INSIDE AND OUT: ALLOGENIC VS. AUTOGENIC CONTROLS OF THE LOWER MISSISSIPPI RIVER


TÖRNQVIST, Torbjörn E., Department of Earth and Environmental Sciences, Tulane University, 6823 St. Charles Avenue, New Orleans, LA 70118-5698, SHEN, Zhixiong, Department of Marine Science, Coastal Carolina University, P.O. Box 261954, Conway, SC 29528 and MAUZ, Barbara, School of Environmental Sciences, University of Liverpool, Liverpool, L69 7ZT, United Kingdom, tor@tulane.edu

About 70 recently obtained OSL ages shed light on the role of allogenic vs. autogenic processes that drive sedimentation and stratigraphy in the Lower Mississippi Valley and Mississippi Delta. These are problems that could not be studied with previously available geochronological tools and we first show that OSL dating provides highly accurate results in Mississippi River sediments, across several depositional environments and independent of grain size.
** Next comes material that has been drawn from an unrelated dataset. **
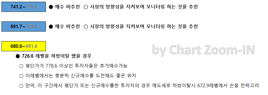 - 729.6달러 ~ 741.1달러 구간과 680.5달러 ~ 691.7달러 구간을 매수 가능 구간으로 확인할 수 있습니다.

A large proportion of preserved Pleistocene deposits (commonly terraces) along the Lower Mississippi Valley formed during Marine Isotope Stage (MIS) 5, in particular during MIS 5a, about 80 kyr ago. This allows us to infer that the sea-level rise during MIS 5 led to widespread aggradation that extended at least 600 km inland. In addition, the incision and floodplain abandonment that occurred due to the sea-level fall at the MIS 5a/4 transition (associated with the growth of the Laurentide Ice Sheet) was relatively rapid and proceeded within about 10 kyr or less. In other words, this continental-scale river responded rapidly to external forcing, faster than most theoretical studies have predicted. In contrast, patterns of overbank deposition on the present-day delta plain that occur over smaller temporal and spatial scales are spatially stochastic and exhibit strongly autogenic behavior. In association with this, deposition rates are often very high (~1 to 4 cm/yr) but the implication is that the stratigraphic record is typically patchy and erratic. The overarching conclusion is that while allogenic signals in large river systems can be strongly imprinted, this is typically expected over orbital and longer timescales.